5 iOS Apps Essential for Cuba / Yoani Sanchez

Guava Mac

Where will the first Apple store in Havana be? I wonder sometimes when I am fabulating about the future. I imagine it on the corner of Galiano and Reina, above those arches that could well support an enormous apple. Although much is needed before we will see Steve Jobs’s creatures in a display window in Havana legally, these well-designed gadgets with their excellent technology have already broken into the national scene.
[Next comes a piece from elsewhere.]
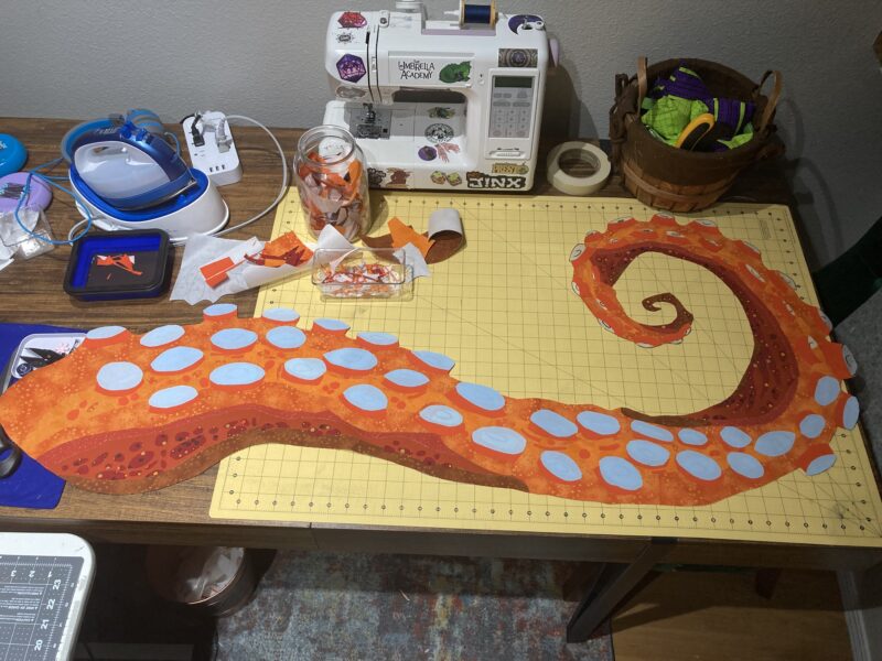 Tried another variation on the color blocking, but its still not quite right. Third time’s a charm. Third tentacle
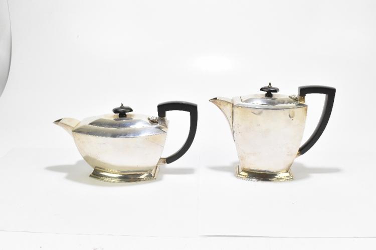 Lot 10 of 2356: S BLANCKENSEE & SONS LTD; a George VI hallmarked silver four piece tea set, comprising teapot, length 26cm, hot water pot, twin handled sugar bowl and cream jug, all with engraved initial capital 'B', Chester 1939, approx 50.9ozt/1584g (4).

In the informal market, the solidarity of so many travelers and the appetite for modernity have come together to make an iPad or MacBook Pro increasingly common in our lives.

The taste for iPhones has strengthened the market for applications for these smart phones. Useful packages, including games, maps of the whole country, dictionaries and audiovisual publications, can be acquired in numerous private workshops throughout the Island. The technicians in these matters are very young, offering also to unlock terminals, jailbreak, change the glass if it breaks, clean the start button, and supply a wide range of connectors to recharge the battery, or plug it into a computer. There is something for all tastes and pockets.

Among the iOS applications most requested by domestic customers, here is a list of the five essential ones. Tools needed to elude censorship, solve daily problems, and amuse us a little.

– OffMaps2: Excellent functionality with maps of several Cuban provinces and the ability to use these without an Internet connection. Its “street” is pretty true to live, with the addition of being able to locate sites of interests in our surroundings, wherever we are. The geo-locator service works by triangulating off cellphone towers and not by satellite. Although less precise, it keeps us from getting lost in cities and towns we visit for the first time.

–  Minipedia: An offline version of the famous interactive encyclopedia, Wikipedia. The advantage of this application is that it doesn’t require a jailbroken phone. You can get the Spanish XL database, updated but without images. Other apps compete with Minipedia, among them Wiki Español and the functionality of Wikipedia installed in the Safari navigator itself, although this latter needs a jailbroken phone.

Messy SMS: For those interested in sending text messages to friends without the phone company being able to snoop on the contents, this application is perfect. You and your friend simply agree on a password and with that you can encrypt and decrypt texts sent. Fun, easy and necessary for those times when more than one indiscreet eye is spying on our private messaging.

–  WordLens: Nice functionality that mixes the camera with a translator for several languages. It allows you to immediately translate posters and written phrases within reach of our phone’s camera lens. Although the result is a word-by-word translation, without any literary or metaphoric flight, it helps in situations where we’re in a hurry and don’t know how to decipher what a text says.

– PhotoStudio: To edit your photos with just a few moves on the screen, this app comes in handy. It includes filters, the ability to crop or resize an image and even add text on it. After working on the photo, we have the option to save it, export it, or upload it to a social network… although this latter only if we have access to the Internet.

I hope that these slices of the apple serve as signs that point the way to a day when Apple, without restrictions, will come into our lives.